# Skip Tooth Chain Issue



## JimRoy (Jun 26, 2017)

Cabers, I have a 1920s Columbia with a Pope skip tooth crank. Is there a particular chain I need? The Diamond skip tooth chain constantly pops when I ride it. I have verified that it is the chain that is popping and not the crank or the rear hub. I'm not sure if the issue is with the Pope crank sprocket, or with the hub sprocket, or both. The pitch on both is close to 1", but the chain pops when I ride it. The alignment looks good, the chain is in great shape, it is wide enough, and it is oiled and adjusted right. It seems like a mismatch issue. The chain is not original to the bicycle. Thanks, Jim


----------



## rideahiggins (Jun 26, 2017)

Hub sprocket is worn for sure.


----------



## JimRoy (Jun 26, 2017)

Thanks. I will swap it out with another sprocket tonight.


----------



## olderthandirt (Jun 27, 2017)

make sure its the right pitch chain ,there was some odd pitch set ups used on some of the early bikes to keep you coming back to the selling dealer ,i have not run into this yet only what i have read right here on the cabe  <last resort >  just check this  for sure after you replace that worn rear cog ,Mike Cates knows a lot about chains and sells them ,he is here on the cabe and the wheelman ! regards mike


----------



## JimRoy (Jun 27, 2017)

Thanks Mike for the info


----------



## JimRoy (Jun 27, 2017)

How do I contact Mike Cates?


----------



## TR6SC (Jun 27, 2017)

JimRoy said:


> Thanks Mike for the info





JimRoy said:


> How do I contact Mike Cates?



760-473-6201


----------



## David Brown (Jun 27, 2017)

I think Mike only makes the block chain .That bike would take a roller skip tooth chain 1 inch pitch if it is from the 1920's. Just my take on it.


----------



## JimRoy (Jun 28, 2017)

Thanks.  I'm going to dig back into this weekend to see what I can find.


----------



## rustjunkie (Jun 28, 2017)

Have you measured your chain?

https://www.sheldonbrown.com/chain-wear.html


----------



## JimRoy (Jun 29, 2017)

I found out that my chain is stretched. Comparing it to another diamond chain I have, it grows by approximately 2 1/2 links counting 40 links as compared to the other chain. Both have a 1" pitch.


----------



## gkeep (Jul 3, 2017)

Hi,
I had similar issues with an original chain. When I broke the chain the pins had deep groves in them, a millimeter per pin times 54 links adds up. Here is my post from a month back showing the extra length in just 24 links. http://thecabe.com/forum/threads/fo...logies-to-aretha-franklin.111659/#post-737594.
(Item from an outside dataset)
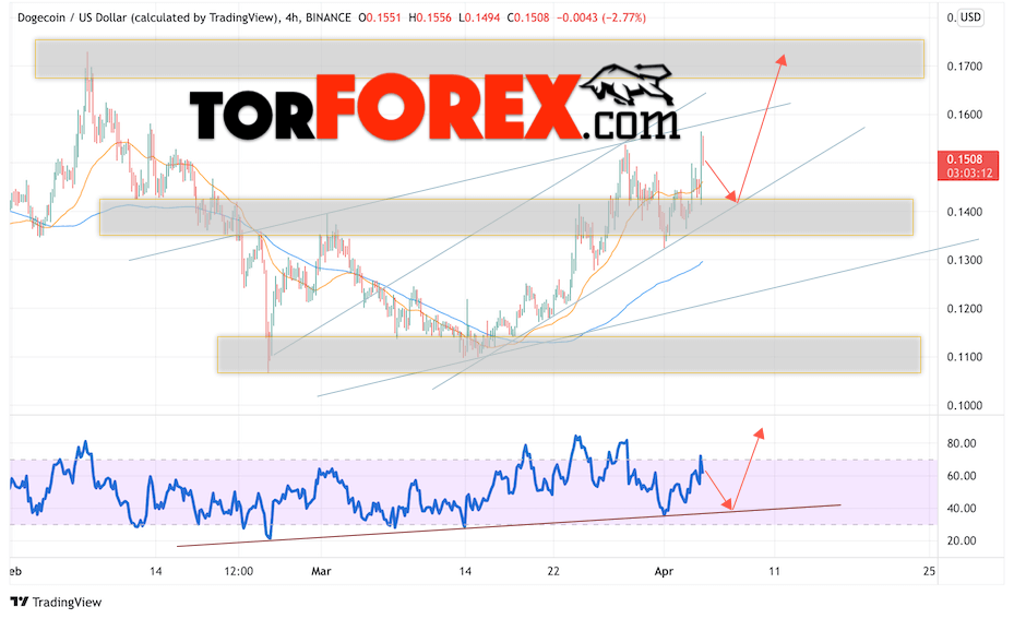Сильный сигналом в пользу роста котировок DOGE/USD выступит отскок от линии тренда на индикаторе относительной силы. Вторым сигналом станет отскок от нижней границы бычьего канала. Отменой варианта подъёма монеты станет падение стоимости актива и пробой области 0.1305. Это укажет на пробой области поддержки и продолжение падения курса криптовалюты с потенциальной целью ниже уровня 0.1025. С пробоем области сопротивления и закрытием котировок выше уровня 0.1655 стоит ожидать подтверждения развития бычьего импульса по Dogecoin.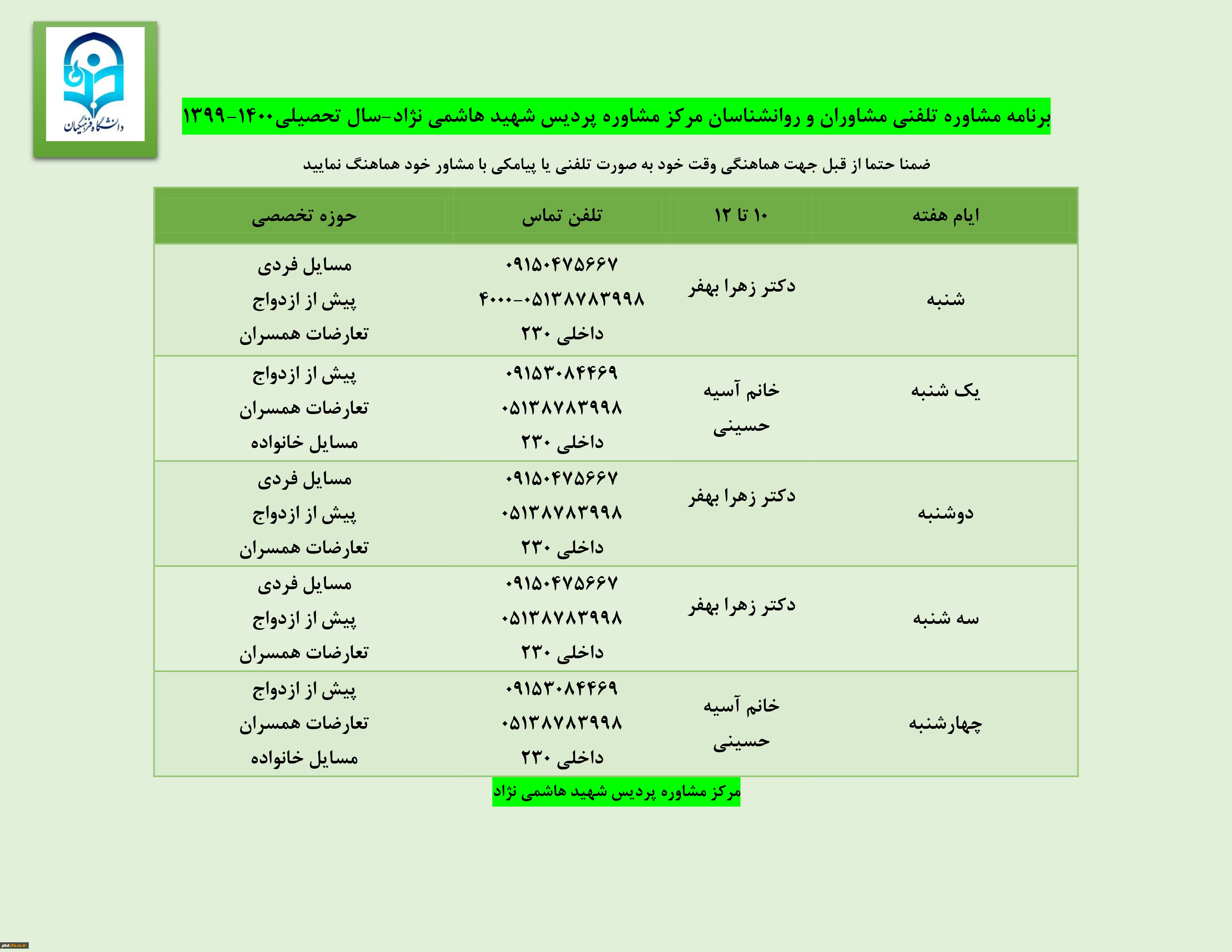 برنامه مشاوره تلفنی مشاوران و روانشناسان مرکز مشاوره پردیس شهید هاشمی نژاد-سال تحصیلی1400-1399

Replaced chain and badly worn read sprocket and it ride smooth and silent. My neighbor is a retired machinist and used to be a roller chain salesman. He really gave me a great explanation of how worn pins cause extra wear and movement when the chain is in motion grinding down the sprocket teeth. Apparently a common problem on all types of machinery using roller chain. 

Good luck,
Gary


----------